● Information shown
········

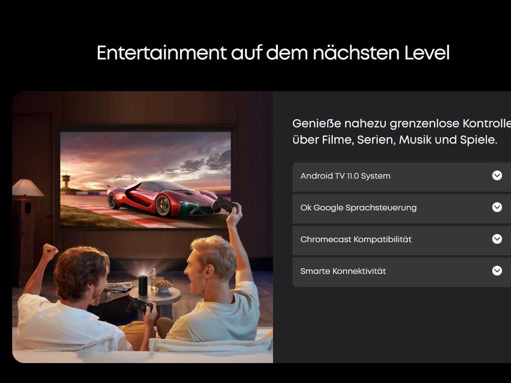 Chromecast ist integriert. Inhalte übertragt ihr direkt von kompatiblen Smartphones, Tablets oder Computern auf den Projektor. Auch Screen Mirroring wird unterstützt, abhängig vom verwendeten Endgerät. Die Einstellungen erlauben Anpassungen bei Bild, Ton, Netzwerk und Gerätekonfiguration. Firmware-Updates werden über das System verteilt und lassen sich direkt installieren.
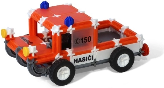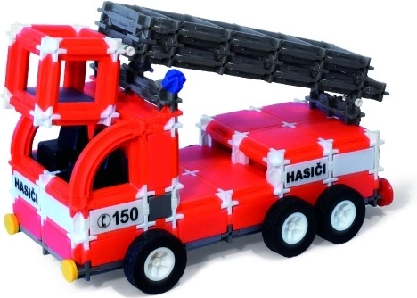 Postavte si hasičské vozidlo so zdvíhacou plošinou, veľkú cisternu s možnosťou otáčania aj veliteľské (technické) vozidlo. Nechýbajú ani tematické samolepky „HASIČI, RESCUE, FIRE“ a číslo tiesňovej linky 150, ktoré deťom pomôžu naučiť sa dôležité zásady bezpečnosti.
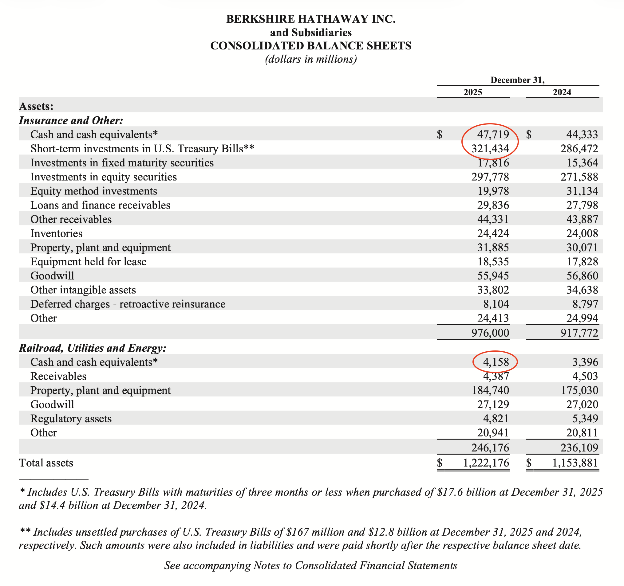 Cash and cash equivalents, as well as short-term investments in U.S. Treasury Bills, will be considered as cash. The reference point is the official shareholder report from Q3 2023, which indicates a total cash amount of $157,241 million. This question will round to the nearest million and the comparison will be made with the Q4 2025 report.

········

● Directions
Would you please output the listing above exactly, leaving out the pictures?

● Written reply
 Chromecast ist integriert. Inhalte übertragt ihr direkt von kompatiblen Smartphones, Tablets oder Computern auf den Projektor. Auch Screen Mirroring wird unterstützt, abhängig vom verwendeten Endgerät. Die Einstellungen erlauben Anpassungen bei Bild, Ton, Netzwerk und Gerätekonfiguration. Firmware-Updates werden über das System verteilt und lassen sich direkt installieren.
 Postavte si hasičské vozidlo so zdvíhacou plošinou, veľkú cisternu s možnosťou otáčania aj veliteľské (technické) vozidlo. Nechýbajú ani tematické samolepky „HASIČI, RESCUE, FIRE“ a číslo tiesňovej linky 150, ktoré deťom pomôžu naučiť sa dôležité zásady bezpečnosti.
 Cash and cash equivalents, as well as short-term investments in U.S. Treasury Bills, will be considered as cash. The reference point is the official shareholder report from Q3 2023, which indicates a total cash amount of $157,241 million. This question will round to the nearest million and the comparison will be made with the Q4 2025 report.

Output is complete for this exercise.